Second, it defeats the larger legislative intent behind IBC. One of the dominant objectives of IBC is to revive the CD, keep it running as an on-going concern and maximize value assets. Appointing arbitrators after the approval of RP defeats such objectives of IBC. SRA would be burdened with superfluous costs related to arbitration proceedings pushing it farther away from standing back on its feet. Not to mention, the arbitral award may end up in a challenge under Sec 34 of the Arbitration Act before the Court. The sheer ineffectuality of that can be highlighted through the case of Electrosteel Steel Limited v. Ispat Carrier Private Limited, the SC held that award becomes incapable of execution once RP has been approved by the AA, making it a dead-end. It effectively reinstates CST under Sec. 31 of the Code avoiding any resurgence of past claims for the SRA that debauch the implementation of the RP.

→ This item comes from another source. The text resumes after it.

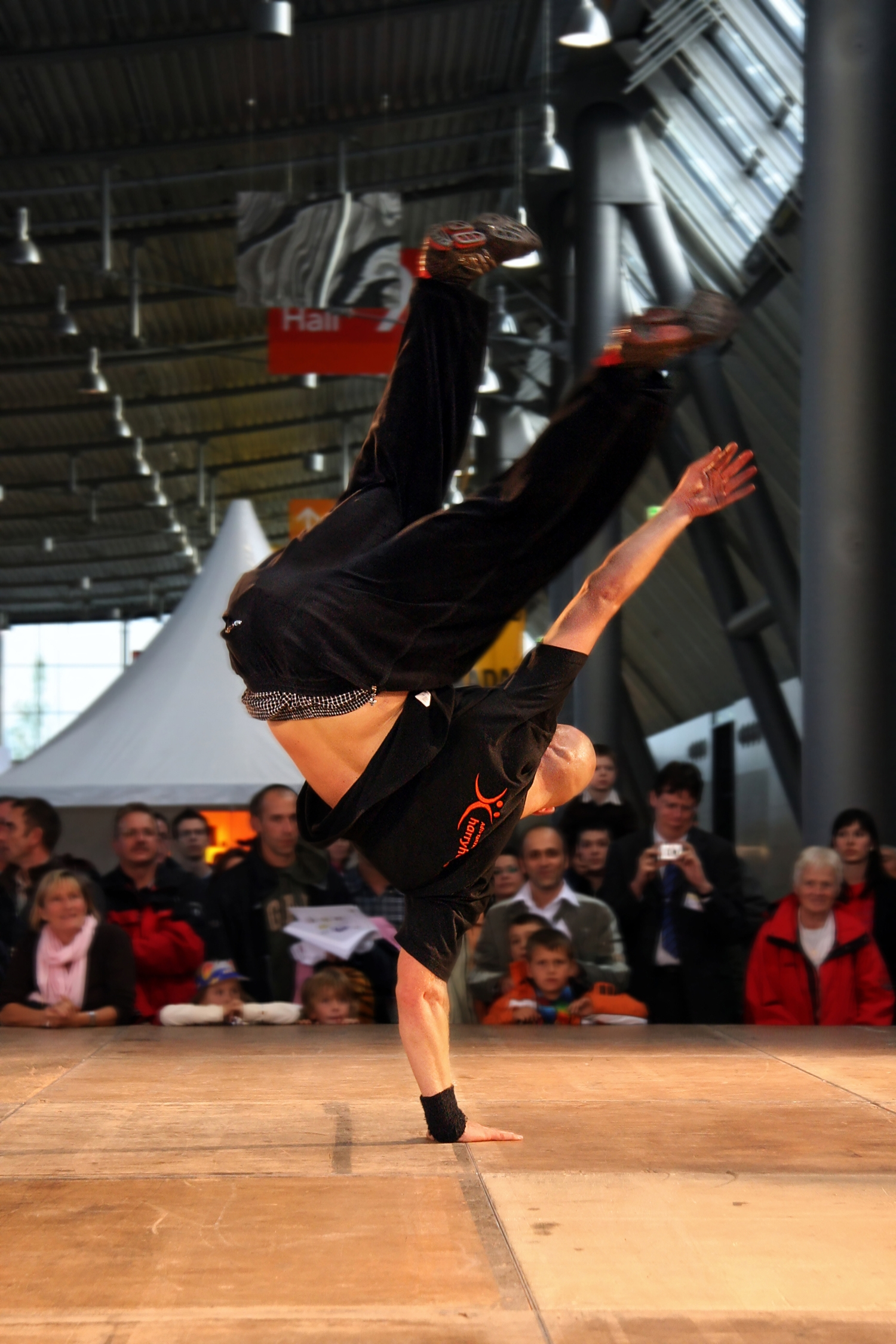 A Breakdancer (Battle Toys) showing a pike.

Conclusion: Towards Harmonious balance
The decision lands the interplay of Arbitration Act and IBC into murky waters. The decision of SC may discourage SRA from reigning the sickened company. It may throw the assessment of a successful RP off the charts by dragging it through multiple fees and litigations and incur losses. It raises important questions regarding the implementation of the objectives of IBC. To the end, SC’s decision to appoint arbitrators in view of the joint agreement and consent of parties between IOCL and AMNS, is it sufficient to override the hardcore objectives of IBC and principle of CST, needs to be answered definitely. Until then it becomes imperative for the creditors to raise dispute at the appropriate stage so as to protect themselves from loss. Therefore, a balanced approach under CST is required for maintaining fairness and viability of the Code.